Nearly any vegetable can be turned into dippers. Some of the best options include:

Vegetable Benefits
Carrots High in vitamin A for eye health
Celery Hydrating; provides fiber
Bell peppers High in vitamin C and antioxidants
Broccoli Packed with vitamins, minerals and fiber
Cauliflower Provides vitamin C, B6 and fiber
Cucumber Hydrating and low in calories
Snap peas Good source of vitamin A, C and fiber
Jicama High in fiber and vitamin C
Radishes Low in calories and high in vitamin C
Zucchini Provides magnesium, vitamin C and fiber

Try mixing up the vegetables you use as dippers. Variety will provide a range of vitamins, minerals and antioxidants.

Healthy Eating Tips

Besides finding a nutritious dip, make sure your veggie dippers are part of an overall healthy diet by including:

  • Lean protein – Choose lean meat, poultry, seafood, eggs, beans or tofu as a protein source.
  • Whole grains – Opt for whole grain varieties of bread, pasta, rice and cereal.
  • Low fat dairy – Pick milk, yogurt and cheese options that are low fat or fat free.
  • Heart healthy fats – Use plant-based oils like olive, canola or avocado oil in cooking and dressings.
  • Water – Stay hydrated by drinking water instead of sugary beverages.
  • Limit sweets – Satisfy occasional sweet cravings with fresh fruit instead of candy, cookies and cakes.

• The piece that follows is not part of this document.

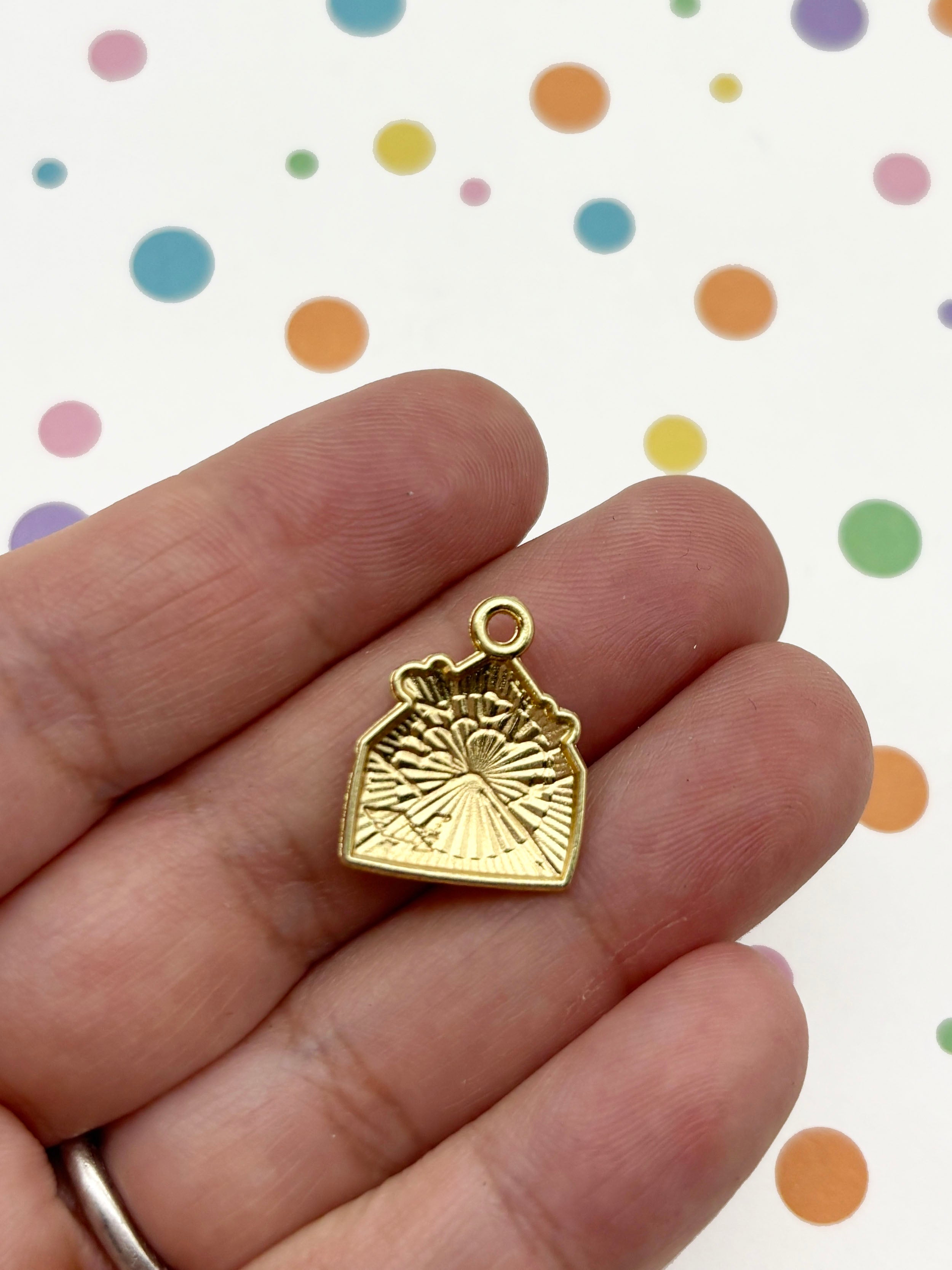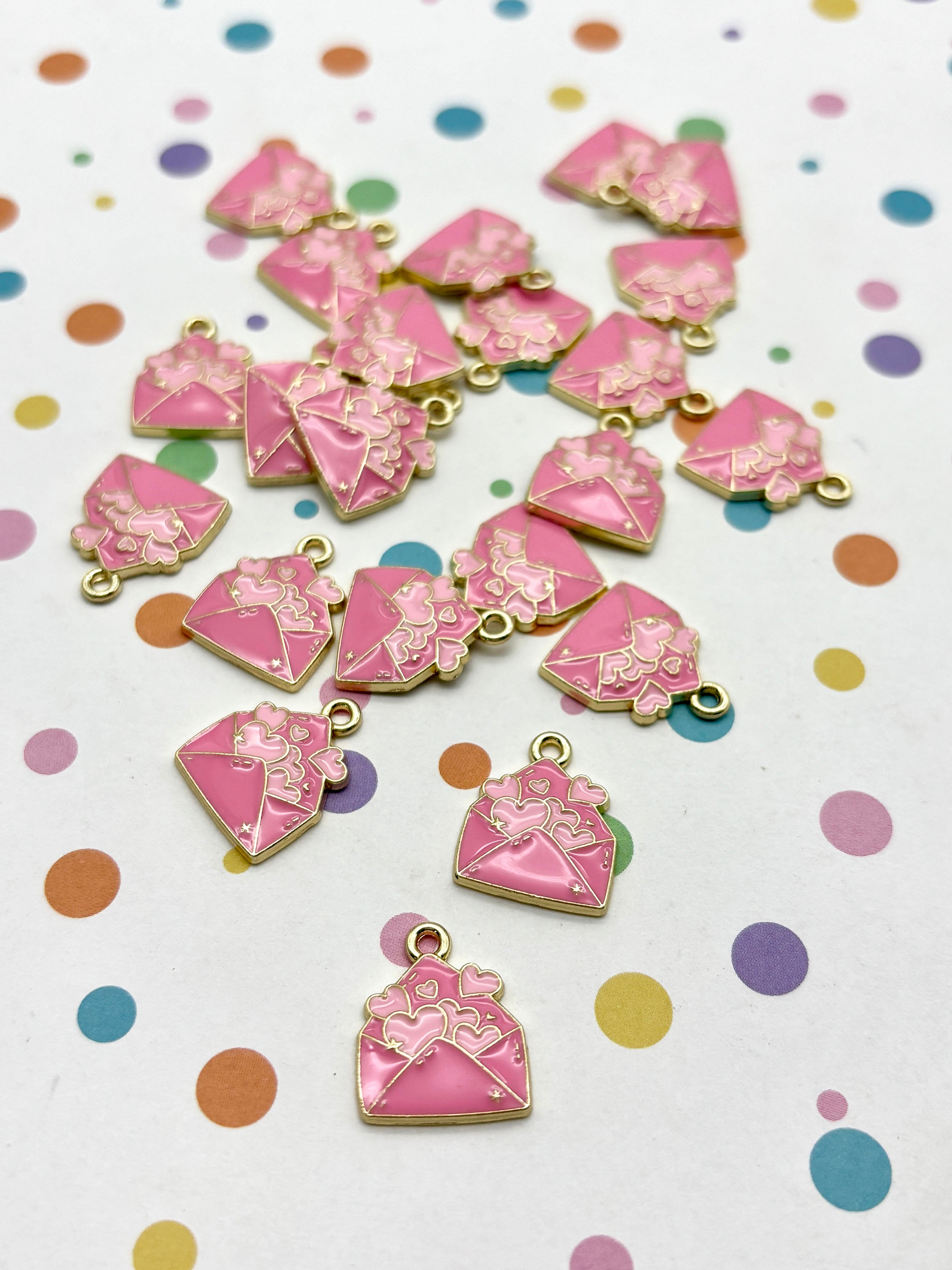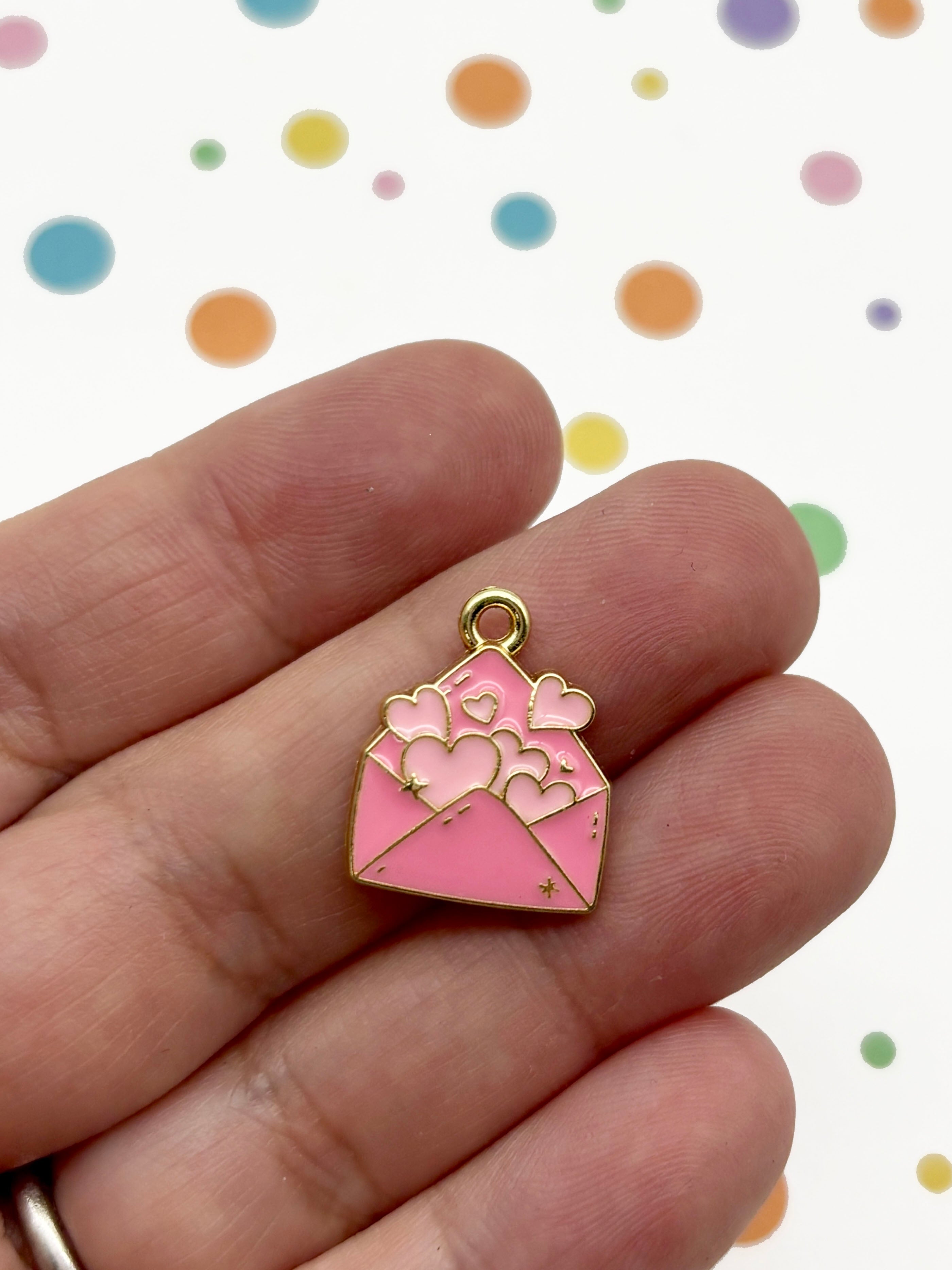 These are enamel Pink Love Letter charms. They are gold tone plated and are 18x15x2.5mm with a 1.8mm hole. You will get 6 pieces!

A balanced diet paired with regular exercise will provide optimal health benefits.

The Bottom Line

Dipping crunchy, wholesome vegetables into a creamy, flavorful dip can make it easier to get in your daily vegetable servings. Choose dips made from nutritious ingredients like Greek yogurt, beans, avocado and tahini to get the most benefits. Prepare your own dips at home so you can control what goes into them. Pair with a variety of fresh vegetables for a healthy snack or light meal that satisfies.